The updated assembly of *A. glycines* (A_gly_v2) is contiguous, complete, and free from contamination. (A) Cumulative scaffold (or contig) length for the original assembly of *A. glycines* (A_gly_v1), the PacBio only assembly (Canu), the hybrid assembly (DBG2OLC), the merged PacBio only and hybrid assembly (quickmerge) and the final updated assembly that includes scaffolding with RNA-seq data and removal of contaminants (A_gly_v2). Summary statistics for each assembly are given in Table 1. (B) BUSCO analysis of A_gly_v1 and A_gly_v2 using the Arthropoda gene set (n = 1,066). (C) Taxon-annotated GC content-coverage plot of A_gly_v2.

A_gly_v2 is contiguous, free from obvious contamination and is highly complete. Half of the genome is contained in only 40 scaffolds (941 scaffolds in total, longest scaffold = 7.28 Mb) and the scaffold N50 is increased by 1,342% (2.51 Mb vs. 0.17 Mb) compared to A_gly_v1 (Table 1;Figure 2A). After exclusion of parasitoid wasp scaffolds from A_gly_v1, A_gly_v2 contains 4 Mb more sequence than A_gly_v1 (303 Mb vs. 299 Mb), and is close to the predicted genome size of 317 Mb based on flow cytometry (Wenger et al. 2017). Furthermore, A_gly_v2 contains 95 more single-copy and complete BUSCO genes than A_gly_v1 (Figure 2B; 983 vs. 888) and is free from obvious contamination of non-target species (Figure 2C). This improvement in gene content is the result of a reduction in the number of fragmented or missing genes (45 vs. 65) and greatly reduced duplication levels (38 vs. 113). Using BRAKER2 (Hoff et al. 2015; github.com/Gaius-Augustus/BRAKER) with RNA-seq evidence from Bansal et al. (2014), I annotated 19,750 protein-coding genes in A_gly_v2 to generate a new gene set release to accompany the updated genome assembly. As for the genome assembly, the A_gly_v2 gene set is more complete than the A_gly_v1 gene set, containing 31 more complete BUSCO genes (1016 vs. 985; Supplementary Table 4) and has a greater number of genes expressed (kallisto estimated counts > 10) in the Bansal et al. (2014) RNA-seq data set (12,637 vs. 11,925; Supplementary Table 5).

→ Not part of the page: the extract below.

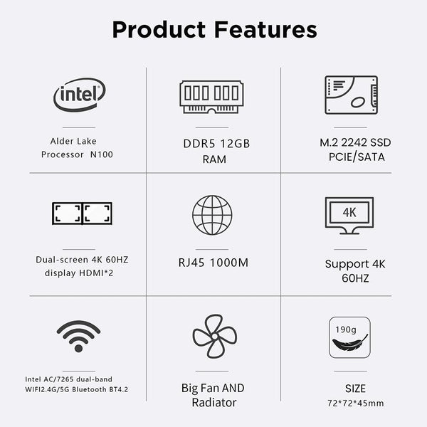 N100/DDR5 12th AlderLake-N100 Dual 4K60Hz Office And Home Mini PC, Spec: 12G+512G /US Plug

Table 1. Assembly and annotation statistics for the original A. glycines genome assembly (A_gly_v1) and alternative assemblies of A. glycines generated in this study (see main text).

Assembly	A_gly_v1	Canu	DBG2OLC	quickmerge	A_gly_V2
Base pairs (Mb)	302.92	301.09	282.98	305.95	303.15
% Ns	0.14	0.00	0.00	0.00	0.00
Number of contigs	24,335^a	1,967	863	1,080	1,024^a
Contig N50 (Kb)	57	409	703	2,064	2,000
Number of scaffolds	8,397	NA	NA	NA	941
Scaffold N50 (Kb)	174	NA	NA	NA	2,507
Longest scaffold (Mb)^b	1.37	1.78	3.10	6.26	7.28
Protein-coding genes	19,182	NA	NA	NA	19,750
Transcripts	19,182	NA	NA	NA	21,647

Open in a new tab

Scaffolds split on runs of 1 or more Ns.

Longest contig shown if no scaffolding has been carried out.

Resolution of the aphid Osiris gene cluster

Osiris is a large insect-specific gene family that has retained high levels of synteny during insect evolution (Shah et al. 2012; Smith et al. 2018), making it an ideal case study for assessing genome assembly quality. I annotated Osiris gene family members in A_gly_v1 and A_gly_v2 based on genome-wide synteny analysis with Drosophila melanogaster, BLAST searches with D. melanogaster Osiris genes and phylogenetic analysis (Supplementary Figure 6; Supplementary Table 6). In total, I identified 29 Osiris genes in A_gly_v2. Of these, 19 are located on a single 5 Mb scaffold (scaffold_7). In comparison, scaffold_7 is broken up into 19 parts in A_gly_v1, with the Osiris gene cluster split across 2 scaffolds (Figure 3A and B). Synteny with D. melanogaster on A_gly_v2 scaffold_7 is limited to the region containing Osiris genes (Supplementary Figure 7) and, given that A_gly_v2 scaffold_7 extends up- and down-stream several Mb, it appears that the entire A. glycines Osiris gene cluster has been resolved (Figure 3A and B). The increased contiguity of A_gly_v2 reveals rearrangements in gene order at the extremity of the Osiris gene cluster, where Osiris 2 and 24 have been shuffled to the 3′ end in A_gly_v2 relative to D. melanogaster (Figure 3B). This rearrangement was previously hidden by genome assembly fragmentation in A_gly_v1, and in the original pea aphid genome assembly, where Osiris gene order has also been investigated (Shah et al. 2012).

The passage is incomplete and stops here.